Published March 6, 2019
The world leader many Americans wish they had, Canada’s Justin Trudeau, is in political trouble. And yet, even in the midst of scandal, Trudeau offers a valuable lesson for the political left in the United States.
Trudeau swept into office with a clear majority in 2015. As head of the long-dominant Liberal Party, his youth (he was 43 when he took office) and his ostentatious cultural liberalism captured a certain mood. He enjoyed a long honeymoon at first, with his Liberal Party hitting nearly 50 percent in the polls by mid-2016. Even after he came back to earth, the feminist, green, pro-choice Trudeau captured liberal hearts across the globe and seemed certain to win reelection.

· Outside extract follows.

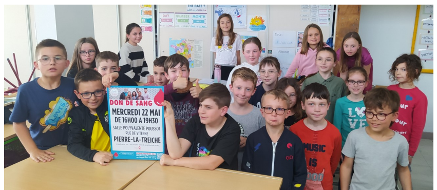
Des élèves studieux et attentifs.

Les bénévoles de l'Association des Donneurs de Sang de la Boucle de la Moselle (ADSBM) vont encore intervenir à l'école de Dommartin avant les vacances afin d'assurer la promotion du don du sang, encourager ceux qui ont déjà donné à donner encore et inciter de nouveaux donateurs à sauter le pas.

That all came crashing down this year over the grubbiest of matters: an alleged attempt by his staff to influence prosecutors in a corruption case against an important Liberal Party donor. SNC-Lavalin, a large company based in the Liberal Party heartland of Quebec, was charged in 2015 with giving millions of dollars in bribes to the Libyan government between 2001 and 2011. A conviction would leave it ineligible to bid on Canadian government contracts for a decade, potentially bankrupting the firm. That’s when Trudeau’s government allegedly intervened.
According to testimony by Jody Wilson-Raybould, the former attorney general whose resignation last month sparked the political scandal, Trudeau and his aides repeatedly implored her to defer the prosecution of the company — a possibility that itself became available only after Trudeau’s government changed the law following the firm’s indictment — to help the party in the upcoming Quebec elections. After she refused to do so, Trudeau demoted her, leading to her resignation.
Wilson-Raybould’s testimony punctures Trudeau’s carefully crafted image as a modern, honest politician. The pure power politics on display would be ham-handed by American standards; it is positively shocking by Canadian measures. Her status as the first indigenous attorney general was a point of pride for someone who pledged reconciliation with Canada’s First Nations. Now his reputation as a person who could come to terms with Canada’s past lies in tatters.
The crisis is spiraling out of control. A second minister, Jane Philpott, resigned from Trudeau’s cabinet this week citing the scandal. Trudeau’s former chief aide, Gerald Butts, resigned six days after Wilson-Raybould stepped down and testified Wednesday about his role in the affair. A recent poll shows that more than half of Canadians think Trudeau should resign from office, and the opposition Conservative Party has opened up a nine-point lead over Trudeau’s Liberals in advance of elections this fall.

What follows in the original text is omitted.